The Statue of Ludwig Mond stands outside the entrance to Mond House in Brunner Mond Works, Winnington, Cheshire, England. Ludwig Mond was born in Germany but spent most of his working life in England. He moved to England in 1862 and joined the business of John Hutchinson in Widnes. Wishing to develop a better process for the production of alkali than the Leblanc process, he joined in partnership with John Brunner, who also worked for Hutchinson, to improve the ammonia-soda process, building a factory for this purpose at Winnington. In time the factory became the largest producer of soda (a type of alkali) in the world. Mond went on to work with other chemical processes, especially those involving nickel. He also became an art collector, bequeathing much of his collection to the nation. His statue was designed by Édouard Lantéri, and was unveiled by Brunner in 1913. It was moved in 1995 to stand next to the statue of Brunner in front of the offices of Brunner Mond in Winnington. The statue is recorded in the National Heritage List for England as a designated Grade II listed building.

==History==

Ludwig Mond (1839–1909), who was born in Germany, became a chemical industrialist in England. He studied at the Universities of Marburg and Heidelberg and moved to England in 1862. He joined the alkali manufacturing business of John Hutchinson in Widnes (then in Lancashire, now in Cheshire). Hutchinson manufactured alkali by the Leblanc process, and Mond's earlier work for the company was to devise a method of recovering sulphur from the by-products of the process. Another employee of Hutchinson was John Brunner, who had joined the company in 1861, and who became the manager of the office.

The Leblanc process was an inefficient method for producing alkali, and was very damaging to the environment, so alternative processes were sought. The ammonia-soda process was an alternative process that promised to have advantages over the Leblanc process. By 1871 Mond had determined to build a factory to produce alkali by this process, and in this project he was joined by Brunner. In 1873 Mond and Brunner bought the Winnington estate near Northwich in Cheshire, which included the country house, Winnington Hall.
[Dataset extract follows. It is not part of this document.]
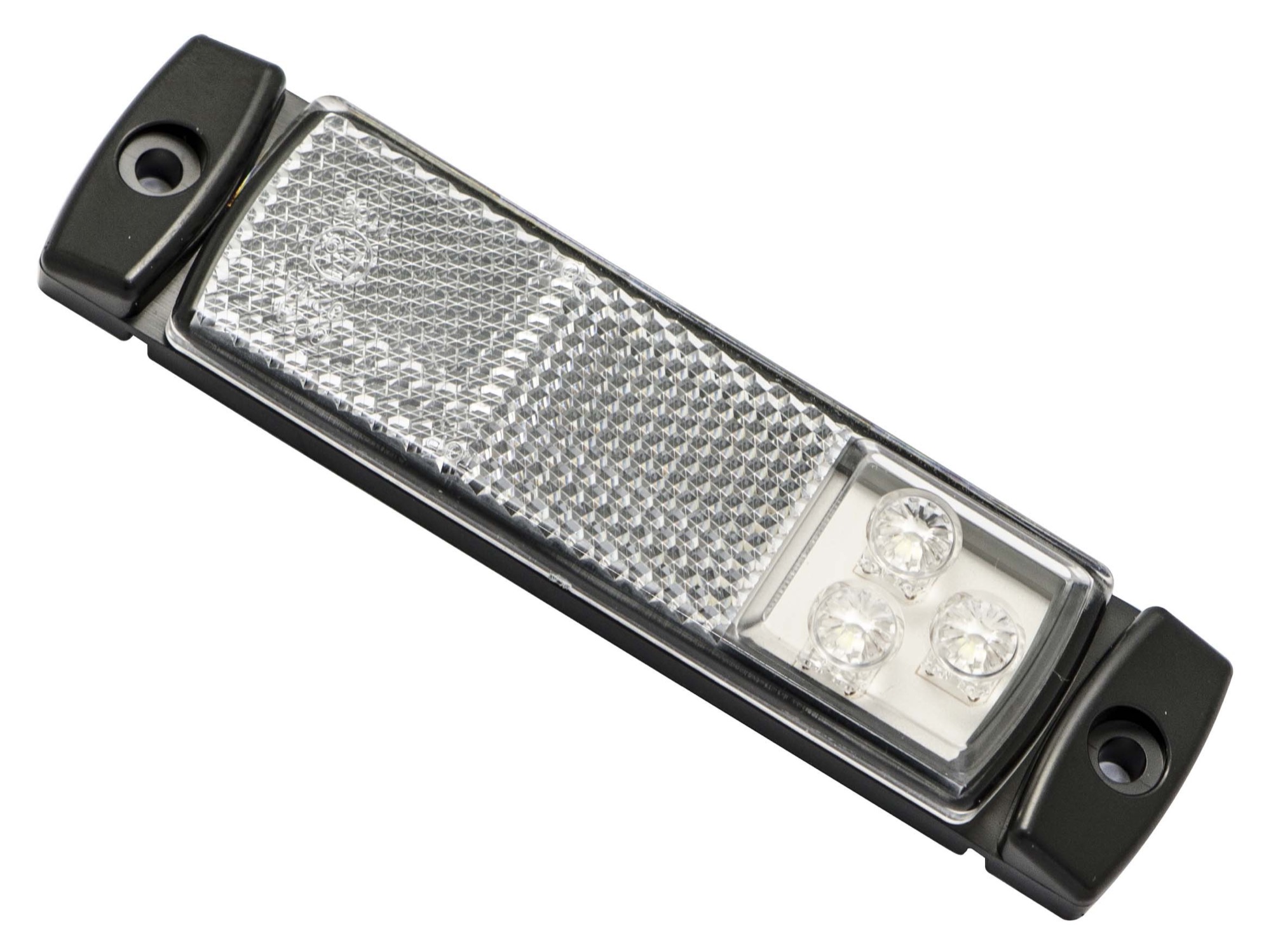 Vit LED-positionslampa med 5 meter kabel, anpassad för 12–24V-system. Ger tydlig framåtriktad belysning med låg energiförbrukning och hög prestanda. Idealisk för användning på släp, lastbil eller arbetsfordon.

The two families moved into the hall, one family occupying each wing, and the factory which became the start of Brunner Mond and Company was built nearby. (Note: Brunner Mond later became part of Tata Chemicals Europe.) By about 1892 the company had become the largest producer of soda in the world.

Mond's interests then moved on to work with nickel, and he formed the Mond Nickel Company. He took out many patents and founded the Davy-Faraday Research Laboratory at the Royal Institution. Away from industry, he formed a large art collection, and bequeathed most of it to the National Gallery. Mond is regarded as "one of the greatest experiential chemists of his generation".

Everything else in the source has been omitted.